2020.06.22
【組織開発】「Withコロナ」これからの労働組合に求められる構想力

◆組合活動の未来に向けた思考を止めない!

新型コロナウイルスという未曽有の出来事に直面してから数カ月が経過し、私たちはさまざまな変化への対応を迫られています。4月に実施した弊社主催の組合活動に関する緊急アンケートでは、95.5%が「新型コロナウイルスの感染拡大によって活動が停滞していると感じる」と回答する結果となりました。状況が一変したために従来の組合活動が一時的に停滞してしまうのは致し方ないことです。しかし、組合員の不安が増大している今こそ、私たちは組合活動の未来に向けた思考を止めてはいけません。
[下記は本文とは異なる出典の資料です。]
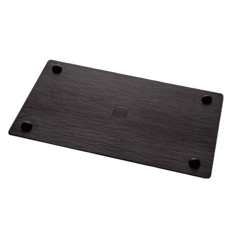 APS melamine platter perfectly imitates that of slate and is an attractive presentation board for cheeses chocolates pastries and meat. It is a very durable product featuring non- slip feet and is dishwasher safe.
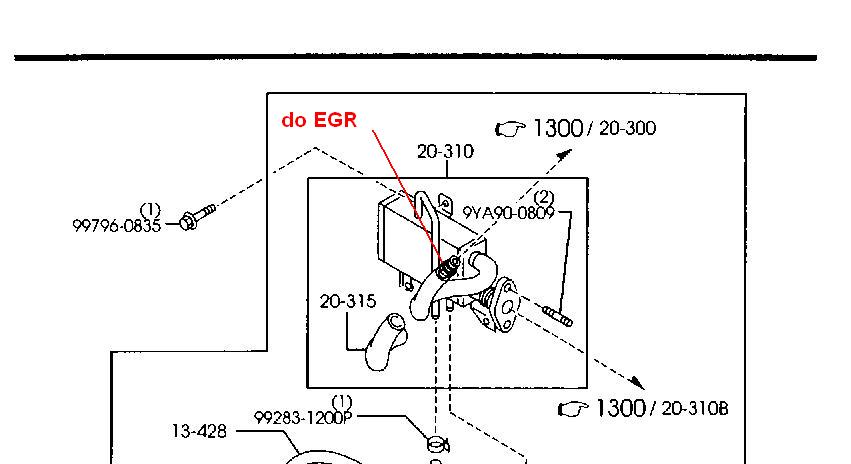 Ale nie o tym chcialem. Z tego co jest na tym rysunku, ten element blokujacy EGR (chlodnica spalin, oznaczenie na rysunku 20-310) trzyma sie tylko na 1 srubie (nr. 99796-0835). Nie pamietam czy mozna sie do niej dostac nie zdejmujac CR, ale sprawdzic mozesz. Jesli jest dostep, to wystarczy ja poluzowac delikatnie, zdjac fragment dolotu powietrza po prawej od EGR i przez powstala szczeline (grzechotka z przydluzka ~15-20cm) odkrecic 9YA90-0809. Po tym zabiegu mozna opuscic w dol ten element (reszta dochodzacych do niego wezykow jest elastyczna) i wyjac EGR. Dodam, ze opis tyczy Mazdy 6 MZR-CD 136km.
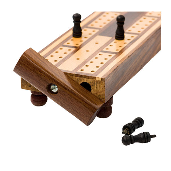 Hand carved in Northeastern India by Muslim woodcarvers of sustainably managed and harvested rosewood and haldu wood, this classic game is the perfect size for travel or for display on a countertop. Pieces store conveniently inside the board, secured behind a wood swivel closure.

さらに思考を研ぎ澄まし、知恵や知見を結集し対話を進め、労働組合をアップデートする構想力を培う必要があります。

◆構想の起点となる「Withコロナ」組合活動事例

従来型の組合活動の停滞に直面している私たちですが、今は多くの労働組合でコロナ対策のための緊急措置の組合活動事例が報告されています。一部をご紹介します。
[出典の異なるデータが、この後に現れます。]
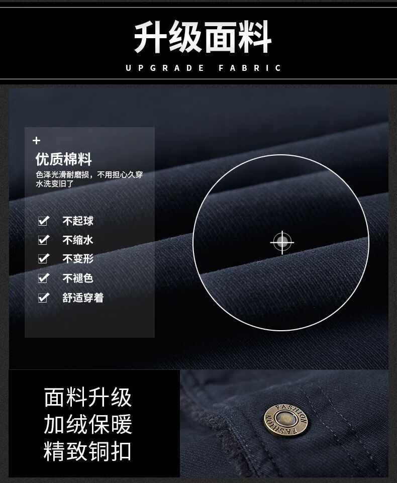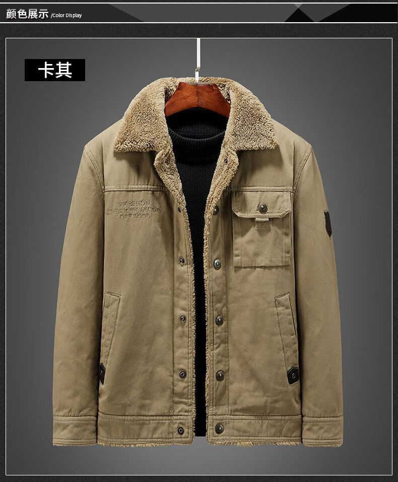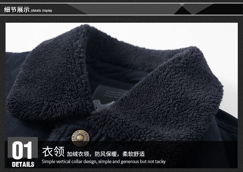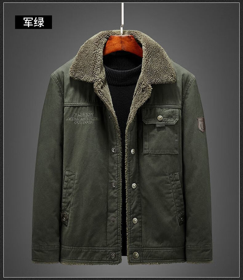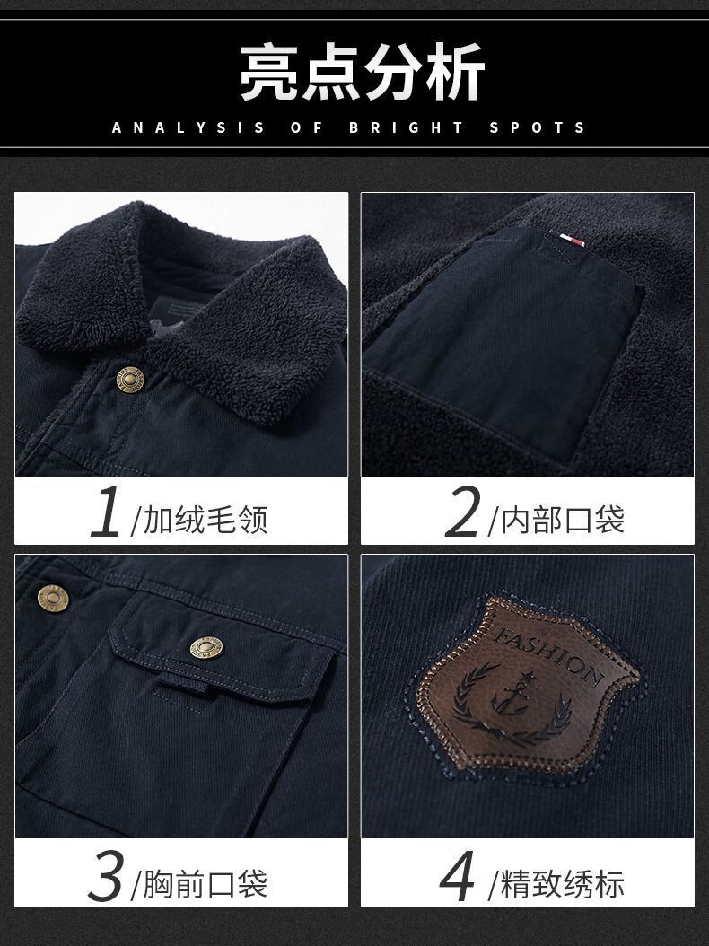 Hengyuanxiang Men's Autumn and Winter Shearling Jacket with Fur Collar Men's Velvet Thickened Loose Casual Jacket Warm Workwear Cotton Jacket Velvet Thickened Navy 316 4XL 180-195Jin Jin equals 0.5 kg

・評議員向けに、オンライン職場集会のスキルを育成する研修を実施(メーカー労組)
・集合型の組合員セミナーを中止し、プログラム内容を機関紙コンテンツとして配信(食品系労組)
・定期大会の開催、議案決議、役員選挙をオンラインで実施(食品系労組)
・在宅勤務者に対し緊急アンケートを行い、結果分析に基づき在宅勤務ガイドラインを作成し労組HPで公開(流通系労組)
・7月実施の定期大会についてオンラインでの開催に向けて対応(エネルギー系労組)
・定例実施の組合員向けイベントに代わり、健康関連のオンラインセミナーを実施し、組合員から高評価を得る(住宅設備系労組)
・トップメッセージとしてブログを急きょ開設し組合員の不安払拭のための情報を毎日発信する(サービス業労組)
・議案書のダイジェスト版を発行し、組合員へ方針について周知徹底を図る(重工業労組)
・議案説明のために役員専用HPサイトにて動画による情報発信(金融労組)
・ブログで毎日労使での協議内容を公開/コロナ相談室を設置/健康促進メーカーのeーラーニングと契約し組合員に提供(機械メーカー労組)
・出勤者への労いを込めてサンキューカードを発行(システム系労組)

これらの活動には、従来の活動の代替である側面と、今後の組合活動の構想を練るうえで起点となる意味合いが含まれていると感じます。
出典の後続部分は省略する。